Music director Kevin Lynch unsuccessfully applied for membership in Maestra and Musicians United for Social Equity to be eligible for the 2023 "intensive shadowing engagement" with Wicked, according to the complaint.
The membership requirements for Maestra and MUSE, copied in the complaint but substantially the same on their live web pages, suggest they are limited to "female and non-binary" music directors and people of color who are musicians respectively, none of which applies to the white male Lynch.
The pages appear to have been written from the same template or created at the same time, using similar and even identical phrasing such as "And yes, students studying to do these things professionally are also welcome" and for instructions on creating a profile page and logging in.
FAIR filed the complaint June 5, the same day the Supreme Court unanimously reinstated a heterosexual woman's reverse-discrimination lawsuit that an appeals court had tossed for her failure to show "background circumstances," required of majority-group plaintiffs, to show their employer is "unusual" by discriminating against the majority.
SCOTUS tossed the background-circumstances requirement. "This ruling reinforces that excluding individuals, such as Mr.

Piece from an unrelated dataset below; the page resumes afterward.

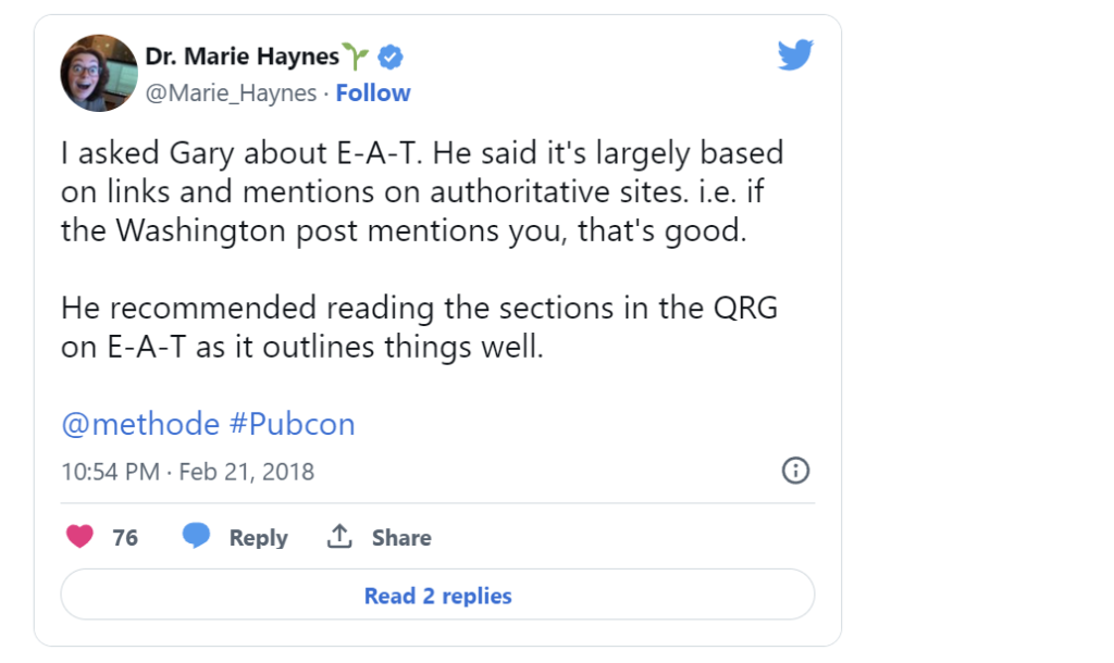 搜索引擎可以推断出该信息的方法之一是通过跟踪网站的链接。毕竟,Gary Illyes证实,链接和提及对于最初的E-A-T概念是实质性的。这可能并没有随着经验的引入而改变。
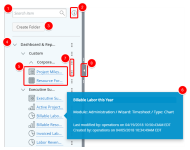 - Create a Folder: Click this icon to create a new folder where you can save your report, graph/chart, or dashboard.

Lynch, from opportunities based on race or sex violates federal anti-discrimination protections," FAIR's complaint says.
'Growing climate of fear, censorship, and ideological conformity' in the arts
Because the apprenticeship was "made possible" by NEA grants to NYSCA, which gave Maestra 5% of its funding in 2023, the latter was "an indirect recipient of federal funds," FAIR Executive Director Monica Harris told NEA civil rights Director Darrell Bogan.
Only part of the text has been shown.